The battle is never won. As workplaces change, so different risks and hazards appear. Unhappily there are many thousands of workers suffering today from hazards to which they were exposed sometimes decades ago. For example, asbestos cases are not expected to peak for several years to come.

Thompsons continues to campaign to prevent and avoid hazards and to fight test cases to secure compensation.

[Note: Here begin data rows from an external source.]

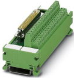
VARIOFACE module, with screw connection and D-subminiature pin strip, for assembly on NS 35/7.5, 37 positions

Please be informed that the data shown in this PDF Document is generated from our Online Catalog. Please find the complete data in the user's documentation. Our General Terms of Use for Downloads are valid ( http://download.phoenixcontact.com )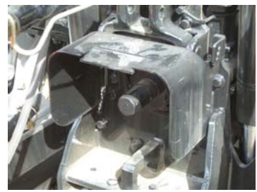
Figure 1: Square masterguard Figure 2: Tapered masterguard

The masterguard must be able to withstand a force of 1200N, (1200N = 122kg = 270lb = 19 stone) so ensure the steel plate is adequate. Steel sheets such as "tin" (thin gal steel), is not strong enough. Make sure that you copy one that has similar PTO diameter and torque rating, as the requirements are slightly different depending on this. It is obviously easier to bend up a square guard such as in Figure 1 below, rather than the tapered guard type in Figure 2. It is worth looking into incorporating a pre-sprung hinge arrangement such as in Figure 3, if some implements require greater access.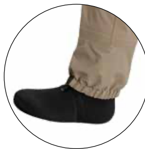
4mm Neoprene Socks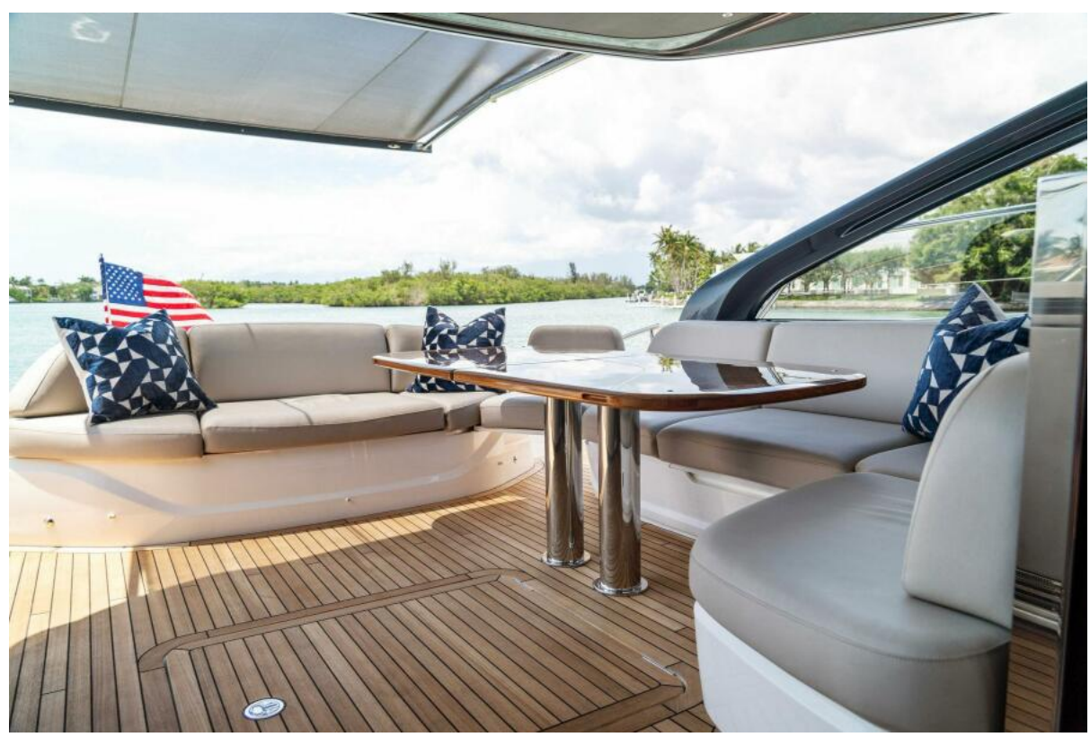
2020 Princess V55 - Baskin in the Sun - Cockpit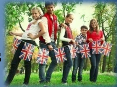
Spring and Late Summer Bank Holidays

Scottish people consider the New Year's Day to be also a public holiday.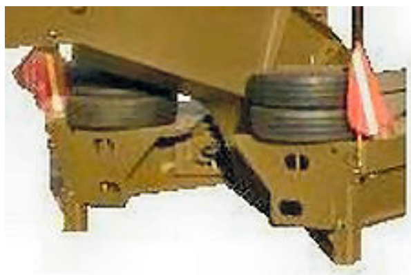
Figure 91–32: Drake Trailer Spare Tyre Mounts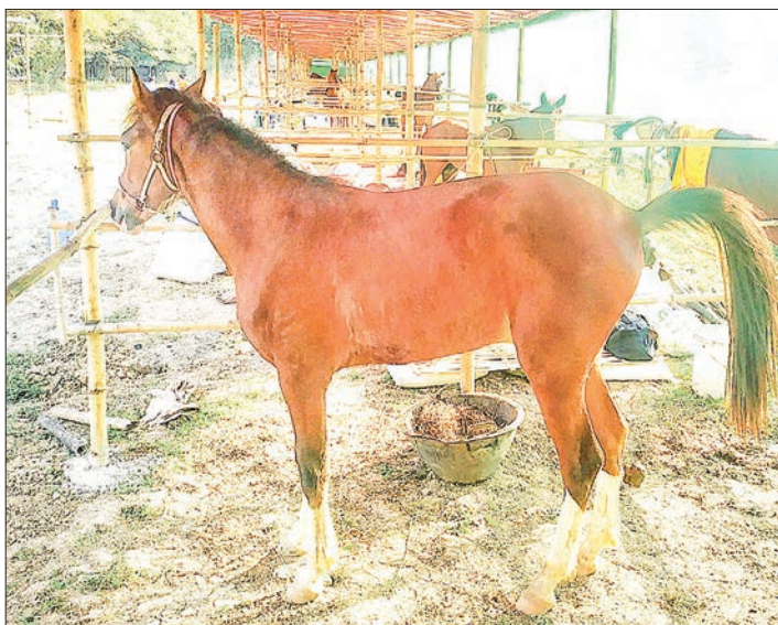
A healthy racehorse.

“Horses don’t like being wet and damp. So, in monsoon season, they need to be kept dry, and we have to care for their hooves. If their hooves are muddy, we need to clean them. Cleaning should be done on a regular basis. Their hooves always get stained because they go on the ground. If they are caught in the rain, we need to dry them back so that they will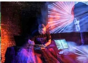
Electronic music performance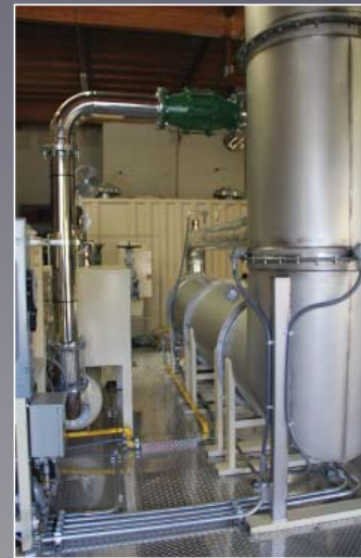
Smaller Sizes and Powerful Performance !

But there are even bigger battles to be fought. This is written at a time when once again civil liberties are being attacked. In 1938, W.H. Thompson’s book Civil Liberties concluded with this paragraph:

“There would, therefore, appear to be some lessons to be learned – some which have been learned by painful experience and forgotten. The right of association, the right to strike, the right to express unpopular opinion, the right to preach peace in the midst of war, the right to criticise and challenge authority – these and many other rights have been ruthlessly taken away in Fascist states and the democratic organisations smashed. Let us take care in this country that the totalitarian State is not introduced while we sleep. The judge, the magistrate, and the policeman are not the persons who are the most satisfactory guardians of working-class liberty; if this book has demonstrated that fact, the necessary implication surely is that liberties of the people of this country can only be preserved by the united ceaseless vigilance and struggle of all those people who believe that freedom and democracy are the inalienable rights of mankind”.

Thompsons is proud to continue to play a part in this struggle.